Maria Ressa, the Filipino American journalist who won the Nobel Peace Prize in 2021, remembers what happened in the Philippines when free speech was threatened, the rule of law was bent and challenges to the reigning power came under attack.

Delivering the Aristotle Address at the Athens Democracy Forum on Oct. 2, Ms. Ressa warned that a similar erosion of democracy was now happening elsewhere. And she made a reasoned but emphatic plea to the audience of cultural and political leaders to stand up and defend democratic values.

“Jump in, act now, before it is too late,’’ she concluded at the end of her speech.

Ms. Ressa’s history of standing up to abuses of government power at her own peril has made her a leading voice in efforts to preserve liberal democracies at a time when they are in jeopardy around the globe. A prime target of her criticisms is Big Tech, which she says is perverting efforts to establish truths and facilitating the rise of autocrats.

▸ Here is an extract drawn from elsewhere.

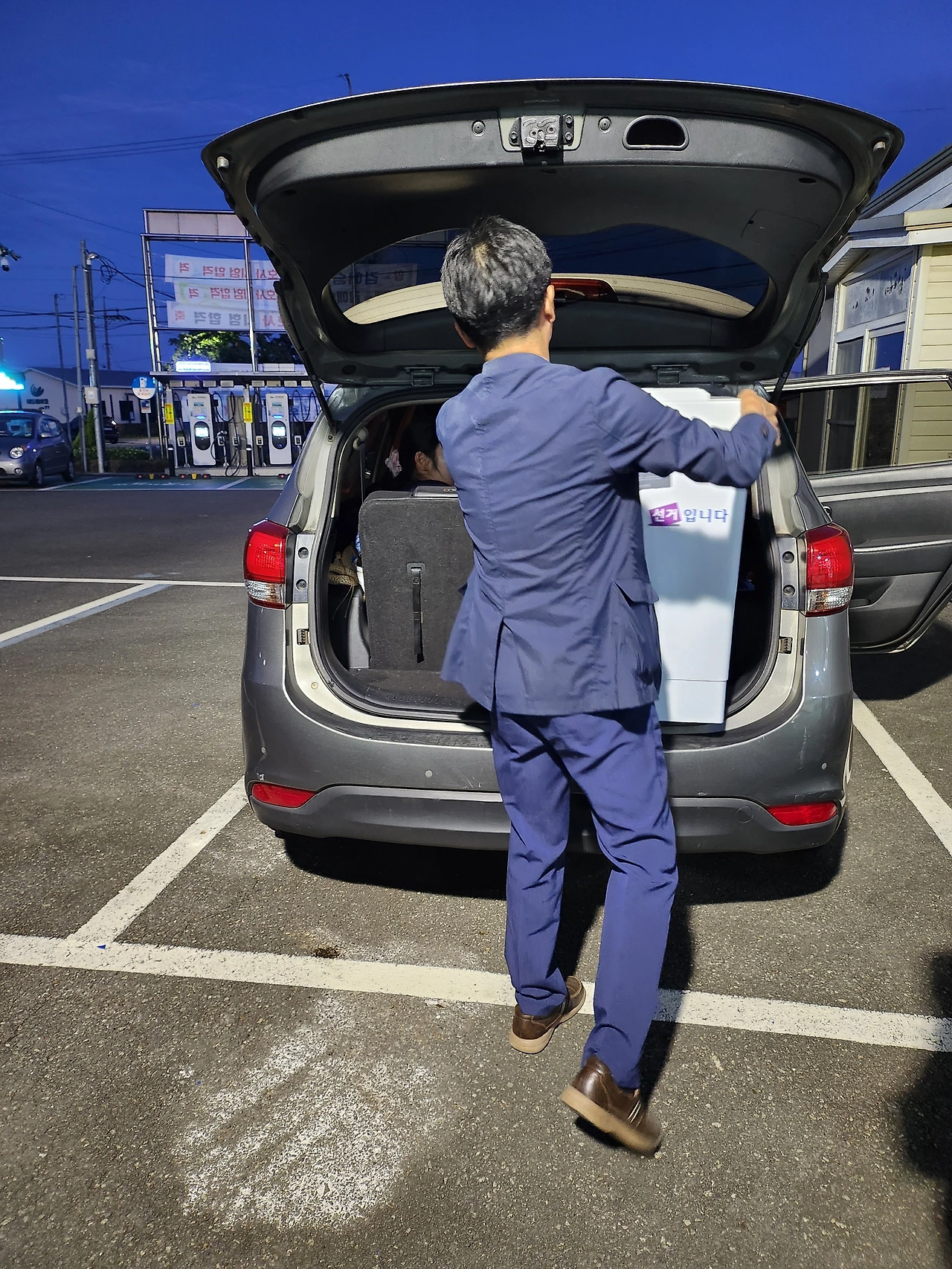 겨우겨우 차례가 와 이송한 투표함을 개표참관인의 참관 하에 투표함 상단의 관리번호를 확인한 후 접수시키므로 오늘 임무는 완료, 시각은 열 시 가까웠다.

Her own ordeal began after the 2016 election of President Rodrigo Duterte. Rappler, the digital media company she had founded, published stories about how the Duterte regime was weaponizing the internet and silencing those who tried to hold it accountable, Ressa explained.

The Rappler website was then hit with an orchestrated online attack (at one point, Ms. Ressa said that she was targeted by an average of 90 hate messages an hour).

Ms. Ressa was then charged with 11 criminal counts. She has since been acquitted of most of them but, she said, she still needs approval from the Philippine Supreme Court to leave the country whenever she is there, recently to address the United Nations General Assembly in September and the Athens Democracy Forum. She has been living in the United States, teaching at Columbia University, since 2023, saying in an onstage interview after her Athens speech that she saw that teaching as “ground zero” for her pro-democracy efforts.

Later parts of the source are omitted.